## EXERCISE DETAILS
For the material below, count each line where the string "Foto" appears, then return the total alone.

## THE DATA

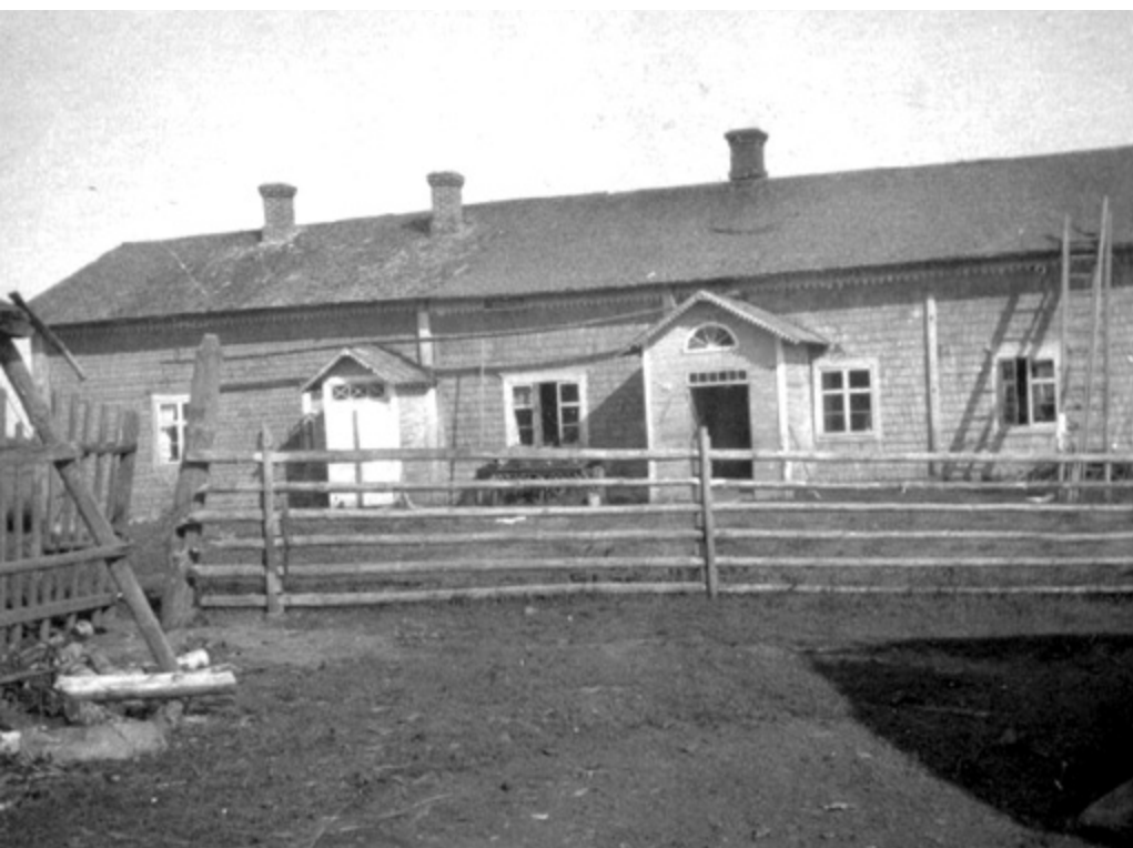
Unimäen vanhassa talossa oli pärevuoratut ulkoseinät. Talo oli rakennettu 1850-luvun vaihteessa ja se purettiin vuonna 1967.
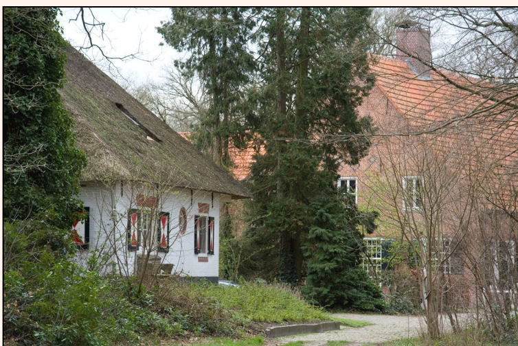
Gezichten op de 'Angorahoeve', boven vanuit het zuidoosten en onder vanuit het noordoosten (en andere gebouwen bij de 'herenboerderij'). Foto's Marius Broos, 28 maart 2023.

ons heeft afgeschilderd, sterkt ons in de meening, dat het zoo ver niet komen zal.
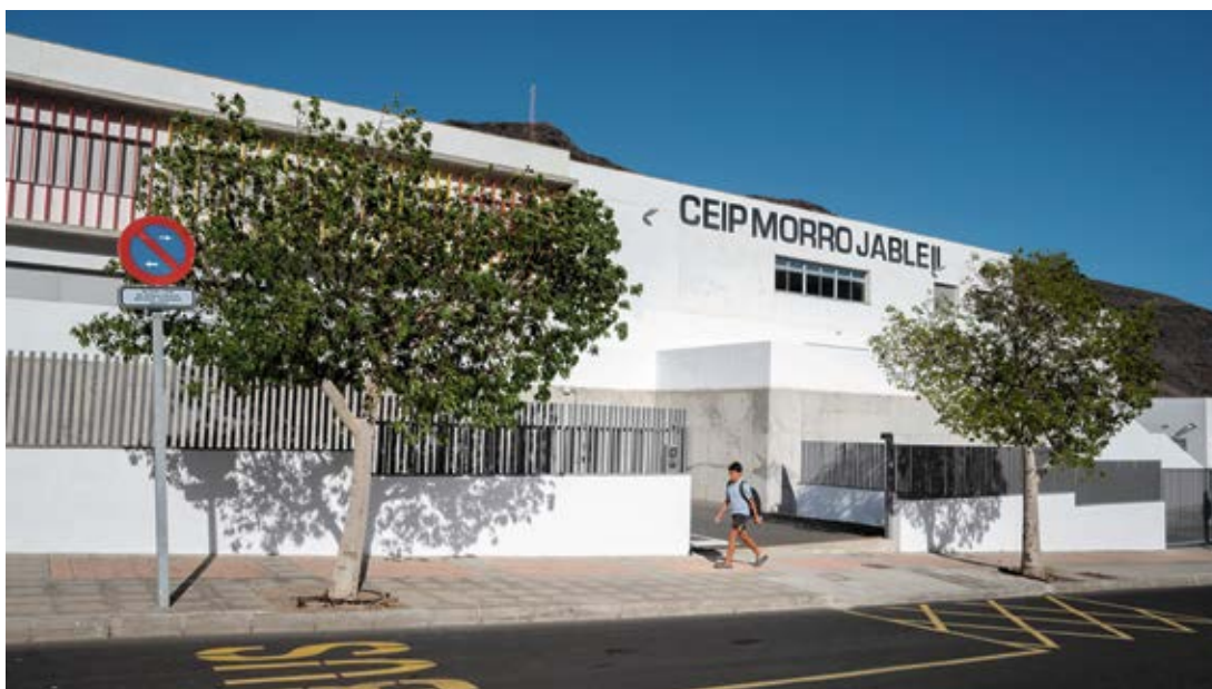
Fachada del CEIP Morro Jable II, el más grande de Canarias.

pietarios. Hemos tenido llevar el asunto a los juzgados”, explica el alcalde. Ahora será la Justicia la que resuelva quién es el dueño.
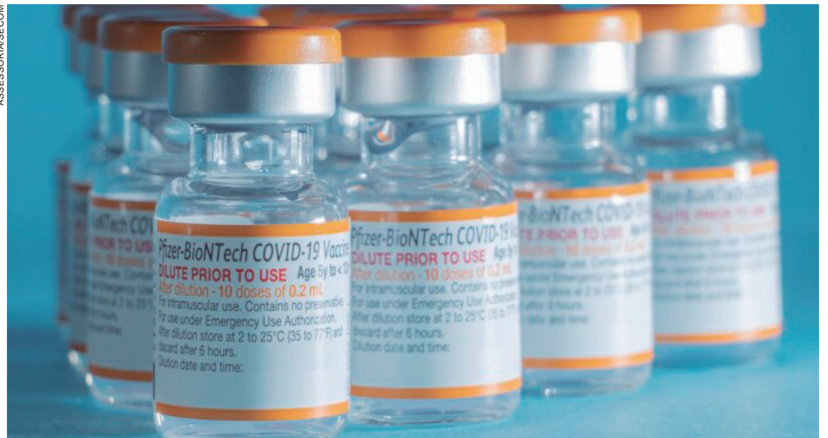
O cronograma inclui a vacinação de crianças, adultos e idosos, com todas as doses do Programa Nacional de Imunização, enquanto houver doses de vacina
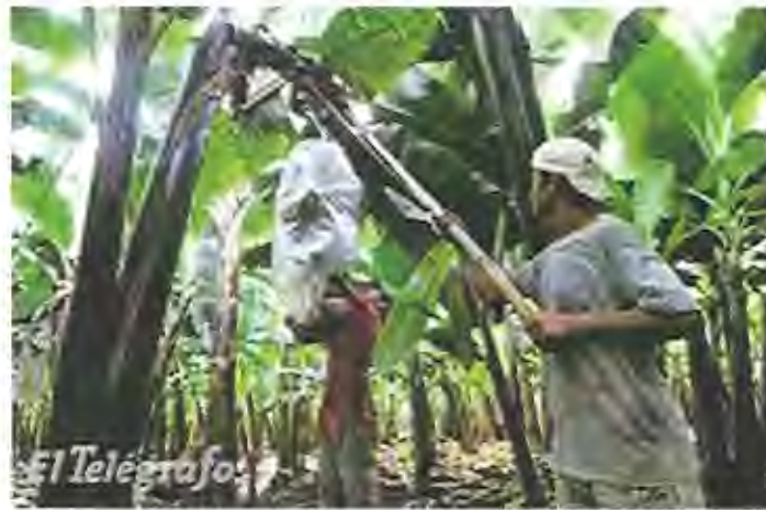
Foto: 36 Picando el pseudotallo

Para el transporte de la fruta desde la plantación hasta la planta de procesamiento se requiere, según el tamaño de la plantación, de cuadrillas compuestas de: un ayudante, que es la persona que calibra el racimo, retira los puntales o soportes y deshoja la planta, un cortador y los cargadores y arrumadores.
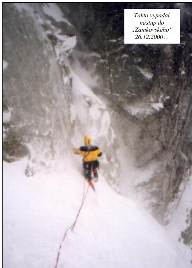
Takto vypadal nástup do „Zamkovského“ 26.12.2000...
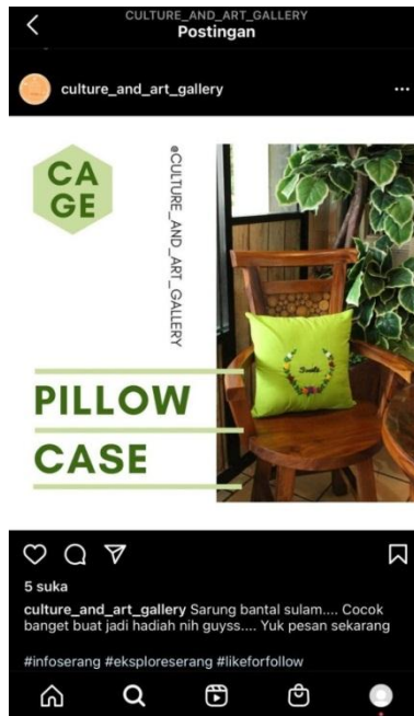
Foto hasil kegiatan vokasional yaitu sarung bantal sulam yang di promosikan melalui media sosial
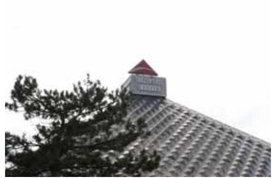
Abb.: Die IM.TOP 2005 in der „Pyramide“ in Vösendorf
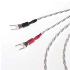
スピーカーケーブル Speaker Cable
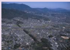
水城跡・大野城跡

さいふまいのり立寄り所である水城跡・大野城跡の修理・整備を行うことで「さいふまいのりにおける歴史的風致」の維持向上を図ります。
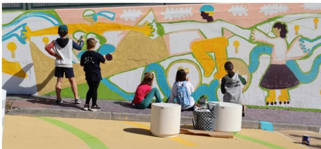
Работилница за детски стенописи в държавното училище (Talaia Alai, 2023. Хондарибия, Испания)

Този проект е финансиран от Програмата за научни изследвания и иновации LIFE на по Споразумение за безвъзмездна финансова помощ No 101120859
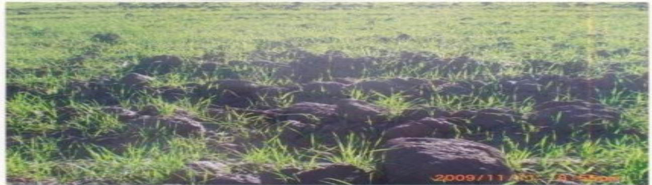
Ш.Умаров номли массив «Гулранг Дурмон» фермер хўжалиги 1,2 гектар кесакли.
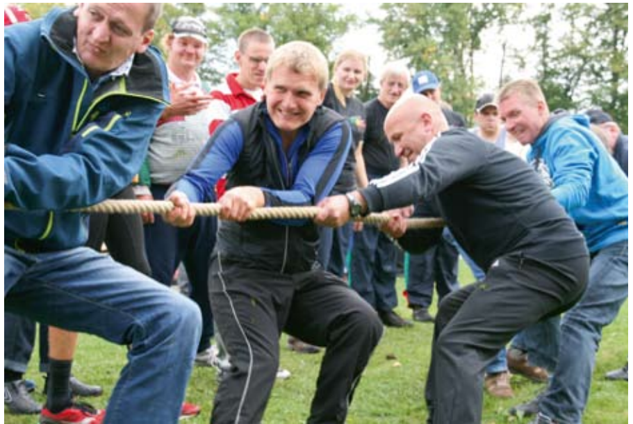
Die Fachkräfte müssen richtig ran!

Insgesamt meldeten sich 342 aktive Sportler aus den Werkstätten in Rampe, Ludwigslust, Parchim, Mölln, Geesthacht, Schwarzenbek, und den „Hausmannschaften“ aus Hagenow, Boizenburg, der Betriebsstätte „Am Hasselsort“ und Kneese, sowie die Schüler der Förderschule mit dem Förderschwerpunkt geistige Entwicklung an.
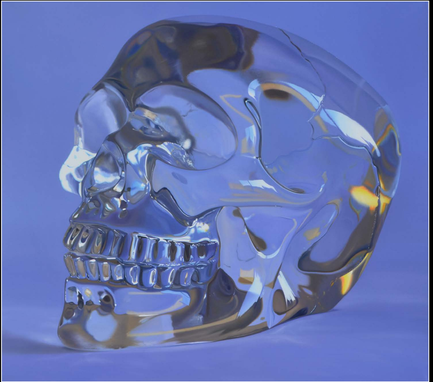
5. Game over . óleo sobre lienzo . 100x110 cm . 2020
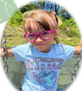
マクリア リリス ① トマト ② お友達と歌うこと
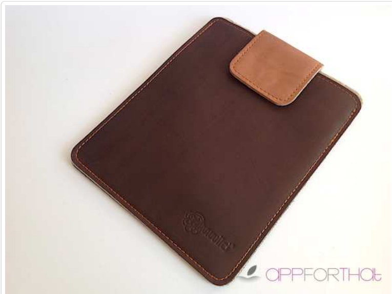
Die Almwild Ledersepp Tasche ist eine wunderbar weiche Ledertasche für euer iPad
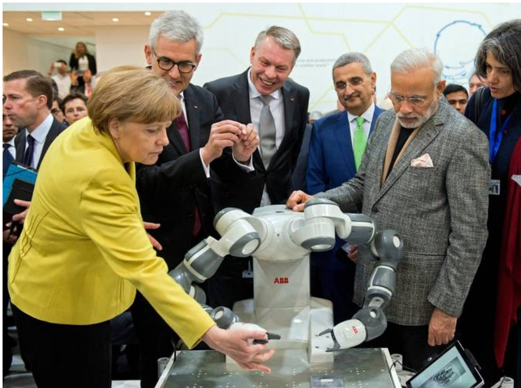
Angela Merkel hat Yumi schon die Hand geschüttelt: Zusammen mit ABB-CEO Ulrich Spiesshofer und Indiens Premierminister Narendra Modi besuchte sie den Stand der ABB an der Messe Hannover 2015.
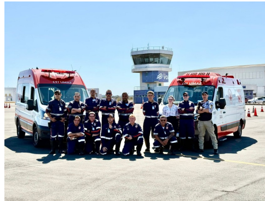
Treinamento de direção defensiva
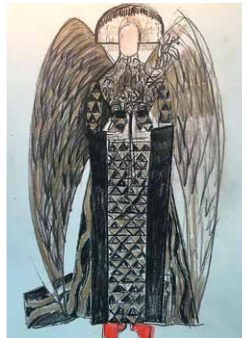
Bernd Skodzig: Figurine eines Engels (Faust I)

Bernd Skodzig entwirft für internationale Theater und Opernhäuser großformatige Kostümausstattungen. Er studierte an der Staatlichen Akademie der Bildenden Künste in Stuttgart und ist Schüler des Bühnenbildners Jürgen Rose. 1993 ging er nach London, um als freier Mitarbeiter in der Textiliensammlung des Victoria and Albert Museums zu arbeiten. Historische Kostüme des 16. bis 18. Jahrhunderts bildeten den Schwerpunkt seiner Arbeit. Seine eigentliche Karriere begann im Jahr 2000 an der Berliner Schaubühne, als er Kostüme für zeitgenössische Stücke und moderne Choreografien entwarf. Berühmt ist aus jener Zeit sein Kostümbild für die Schaubühnenproduktion „Körper“ der Choreographin und Regisseurin Sasha Waltz. Nach diesem Durchbruch taucht sein Name als Kostümausstatter an den berühmtesten Theatern in ganz Europa auf, u.a. im Zusammenhang mit der Jubiläumsaufführung von Strawinskys „Le sacre du printemps“ anlässlich der Eröffnung des neuen Mariinsky Theaters 2013 in St. Petersburg.
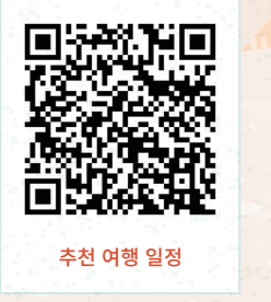
추천 여행 일정
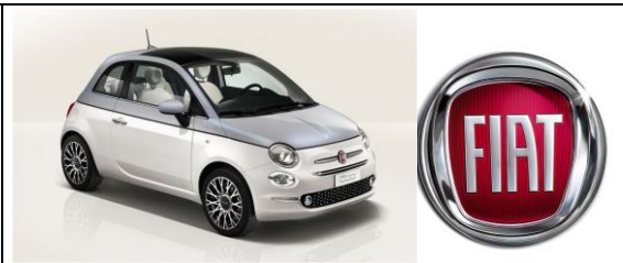
FIAT 500 DolceVita

м. Львів ТЗДВ „ПЛАСТИК”, вул. ЗЕЛЕНА 149 тел. 244-22-22, 270-27-18 www.fiat.lviv.ua
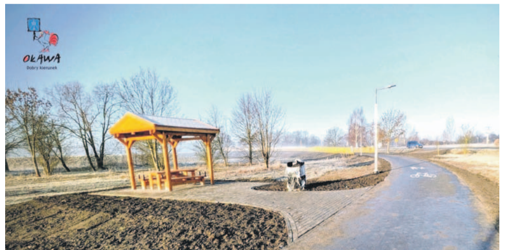
- Wykonano tam Miejsce Odpoczynku Rowerzystów, by nie stawiać ławek, bo ludzie siedzący na nich zabierają miejsca skrajni i to jest problem - tłumaczył burmistrz

Radny dodał, że rozumie, iż jest to inwestycja realizowana we współpracy samorządów i jest na to wyznaczony już teren, ale może warto zainicjować temat i zgłosić taką koncepcję np. do Starostwa
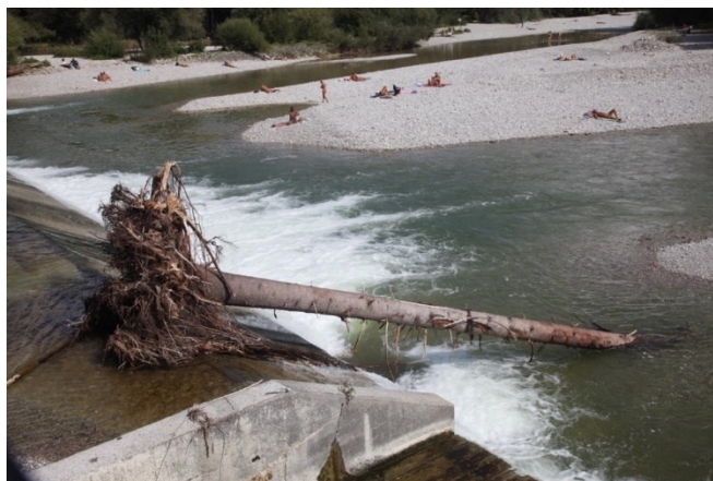
FIGURA 5. Cauce y riberas del río Isar en Múnich.

En las primeras fases, la Agencia Estatal del Agua emprendió una serie de acciones encaminadas a ensanchar el cauce creando una sección hidráulica adecuada, eliminando muros de hormigón y aportando gravas. Se incorporó materia vegetal muerta (troncos y tocones) para crear nuevos hábitats para animales y plantas. Se aterrizaron algunas praderas para facilitar el acceso de las personas al agua. Se sustituyeron los antiguos diques transversales por barreras de escollera. Finalmente, la calidad de las aguas se mejoró mediante la incorporación de tratamientos con rayos ultravioletas (Binder, 2004), (FIGURA 5).
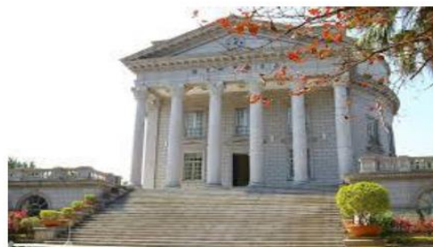
(大同大学尚志教育記念館)

◆学科：総合科・普通科・機械科・電子科・資料処理科。◆千葉県の高校では、平成29年5月16日（火）に、台湾・台北市私立大同高級中学からの訪問団との交流を行いました。これは、千葉県が国際的な視野を持つ人材育成等を目的として行っている海外からの教育旅行の受入れの一環として実施したものです。当日は、台北市私立大同高級中学の吹奏楽部員を中心とする生徒22名・引率教員2名等計27名の訪問者をお迎えし、1年理数科クラスの生徒とともに英語の授業を体験したり、茶道体験、さらに昼食を一緒にとりながらの歓談など活発な交流が行われました。◆【台北市私立大同高級中学 (Tatung High School)】総合科・普通科・機械科・電子科・資料処理科をもつ全日制高校で、『大同公司』（家電製品を中心とする製造販売業）の経営者が創設した工業学校を前身としており、企業による豊富な実務経験の場の提供による現場主義が教育の特徴となっている。
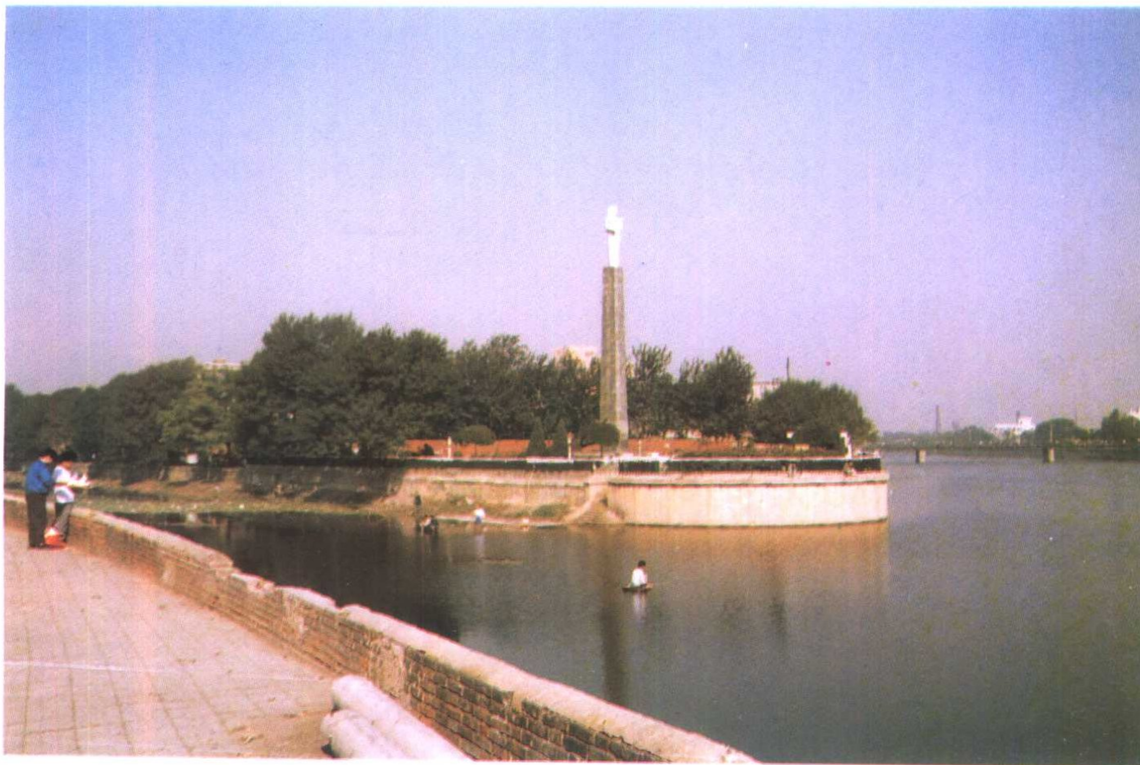
三岔河口——天津市发祥地
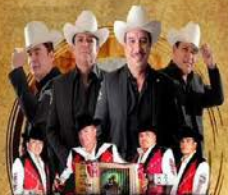
ALEGRES DEL BARRANCO Y MORROS DEL NORTE
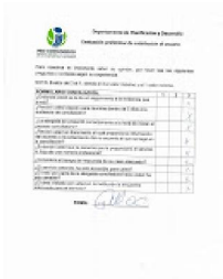
encuesta de satisfaccion conciliacion.jpg 261K
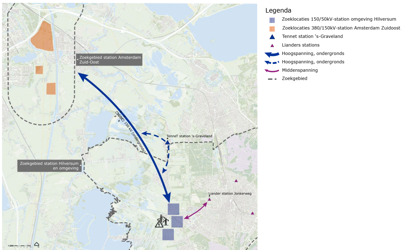
Figuur 4.1: Basiskaart zoekgebied station en tracés
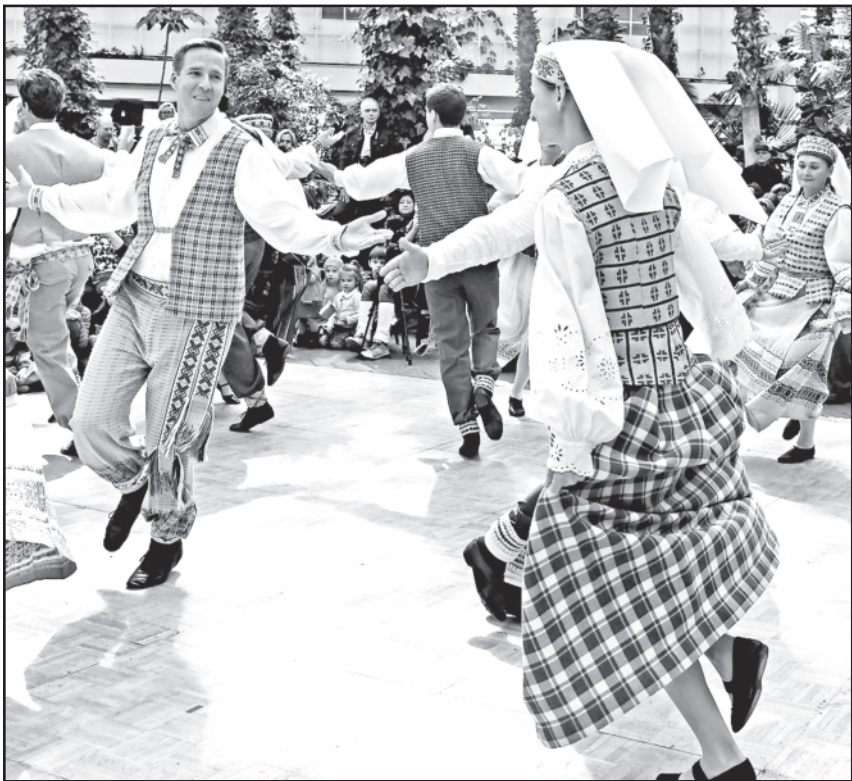
Praėjusių metų šventės Navy Pier akimirka.

„Kaziuko mugė – pavasario šauklys. Šimtmečius skaičiuojančioje šventėje atgimsta pasididžiavimas savo šalies spalvingomis tradicijomis ir senaisiais amatais. Mugė vilniečius ir miesto svečius džiugina savo šiluma ir pakilia nuotaika“, – sakė mugėje apsilankiusi Lietuvos prezidentė Dalia Grybauskaitė. Šalies vadovės teigimu, gausus dalyvaujančių tautodailininkų ir amatininkų iš Lietuvos ir kaimyninių šalių skaičius įrodo, kad senosios tradicijos yra gyvos.

## OUTPUT FOR THIS TASK
3